İnfaz ve koruma memurlarının izolasyon süreci uzayacak mı
Çin'in Vuhan kentinde ortaya çıkan ve kısa sürede tüm dünyaya yayılan kovid-19 salgınına karşı alınan tedbirler de bu yaklaşımın doğal bir sonucu olarak cezaevlerinde eksiksiz olarak uygulanmaktadır.
Koronavirüs ile etkin ve süratli mücadele konusunda Bakanlığımızın aldığı tedbirler ile Sağlık Bakanlığı ve Bilim Kurulunun tavsiyeleri doğrultusunda infaz hizmetleri hem aksatılmamış hem de hükümlü ve tutuklular ile personelin ve vatandaşlarımızın sağlığı azami düzeyde korunmuştur.
Sağlık Bakanlığı Bilimsel Danışma Kurulunun ceza infaz kurumlarına ilişkin tavsiye kararları, tedbirlere ilişkin kararların dayanağını ve gerekçesini oluşturmaktadır.
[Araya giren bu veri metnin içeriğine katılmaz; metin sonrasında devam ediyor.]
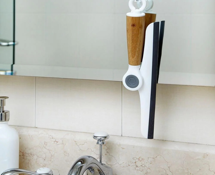The Full Circle Wipe Out Pivoting Shower Squeegee in white features a pivoting head for effortless water removal on glass, tiles, and mirrors, helping prevent water spots and soap scum. The included hanging hook allows convenient storage within easy reach. For best results, it is styled by placing the hook on a shower rail or wall, then pivoting the squeegee across surfaces after each use to maintain a clean, streak-free finish.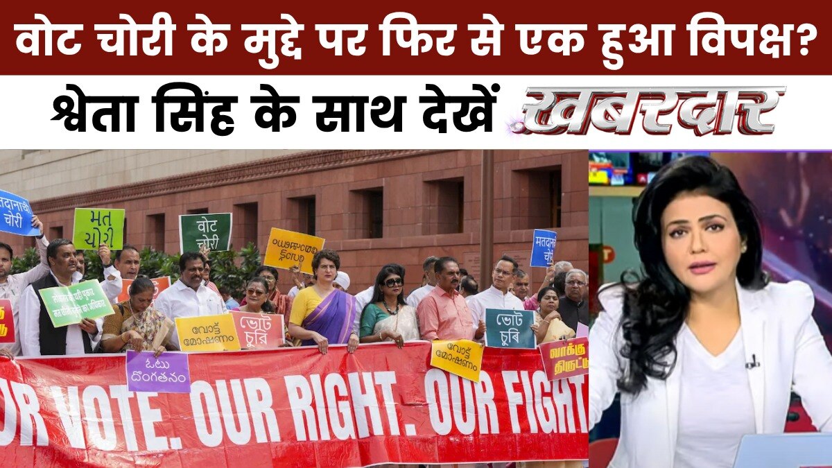 खबरदार में आज कई प्रमुख घटनाक्रम शामिल हैं. विपक्ष ने वोट चोरी के गंभीर आरोप लगाए हैं, जिसके विरोध में चुनाव आयोग के खिलाफ संसद से सड़क तक मार्च निकाला गया. इस मार्च में 300 सांसद शामिल हुए, और अखिलेश यादव ने पुलिस बैरिकेड लांघ दिया. विपक्ष ने इसे संविधान और 'वन मैन वन वोट' के अधिकार की लड़ाई बताया.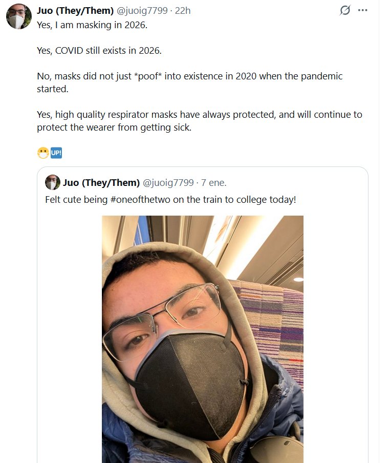 JUO @juoig7799 Sí, usaré mascarilla en 2026. Sí, la COVID-19 sigue existiendo en 2026. No, las mascarillas no aparecieron de repente en 2020, cuando comenzó la pandemia. Sí, las mascarillas respiratorias de alta calidad siempre han protegido y seguirán protegiendo a quien las usa de enfermarse.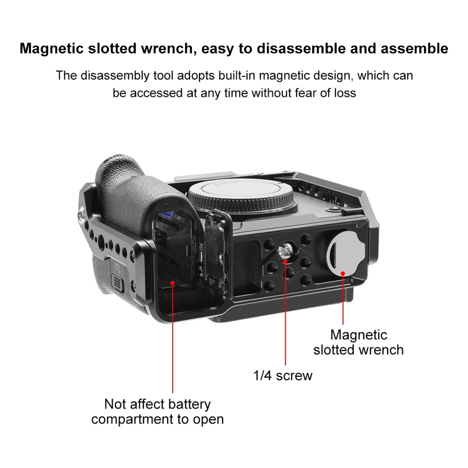 - Modular design with a top slider module secured by two 1/4 inch-20 screws, adjustable for compatibility with the original XLR handle after disassembly, enhancing stabilizing capabilities.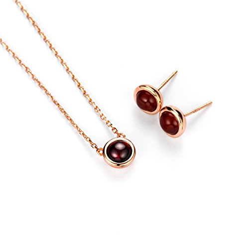 The necklace made of natural red garnet set in sterling silver with rose gold plated, garnet approximate 1.2 ct.t.w, Chain Length: 16 inch

Bu kapsamda alınan tedbirlere dair kararlar, Ceza ve Tevkifevleri Genel Müdürlüğü tarafından taşra teşkilatına ve ilgili kurumlara iletilmektedir.
Ülkemizde salgının ilk başladığı andan itibaren özverili ve vefakarca görev yapan infaz ve koruma başmemurları, infaz ve koruma memurları, sağlık personeli, cezaevi katipleri, teknisyen, şoför, aşçı ve diğer unvandaki personel özgürlüklerinden ve ailelerinden uzakta bir yaşam sürerek bu zorlu süreci en az etki ile yürütülmesinde büyük önem arz etmektedir.
CEZAEVLERİ BU NOKTADA ÇOK ÖNEMLİ
Salgının açıklanan rakamlar ve normalleşme süreci ile pozitif vaka sayısı binli rakamların üzerinde seyir etmekte, yoğun bakım ve solunum cihazına bağlı hasta sayısı giderek artmaktadır. Bu durum ceza infaz kurumlarındaki sürecin devam edip etmemesi sorusunu da sürekli olarak gündeme getirmektedir.
1982 Türkiye Cumhuriyet Anayasasının 17. maddesi "Herkes, yaşama, maddi ve manevi varlığını koruma ve geliştirme hakkına sahiptir." Anayasanın 19. Maddesi: "Herkes, kişi hürriyeti ve güvenliğine sahiptir."
5275 sayılı Ceza ve Güvenlik Tedbirlerinin İnfazı Hakkında Kanunun 4. Maddesi ; "Ceza ve güvenlik tedbirlerinin infazı ile ulaşılmak istenilen temel amaç, öncelikle genel ve özel önlemeyi sağlamak, bu maksatla hükümlünün yeniden suç işlemesini engelleyici etkenleri güçlendirmek, toplumu suça karşı korumak, hükümlünün; yeniden sosyalleşmesini teşvik etmek, üretken ve kanunlara, nizamlara ve toplumsal kurallara saygılı, sorumluluk taşıyan bir yaşam biçimine uyumunu kolaylaştırmaktır."
Devletin özgürlükleri kısıtlanmış olan hükümlü ve tutukluların aynı zamanda görev yapan personelin, salgından korumak için Bilim Kurulu Tavsiyeleri doğrultusunda hareket edilmeli sosyal hayatta normalleşme sürecinin huzurevleri ve ceza infaz kurumu gibi devletin koruması altında olan yerlerde salgının bulaşmaması için tedbirlerinin azami şekilde devam ettirilmesinin büyük önem arz etmektedir.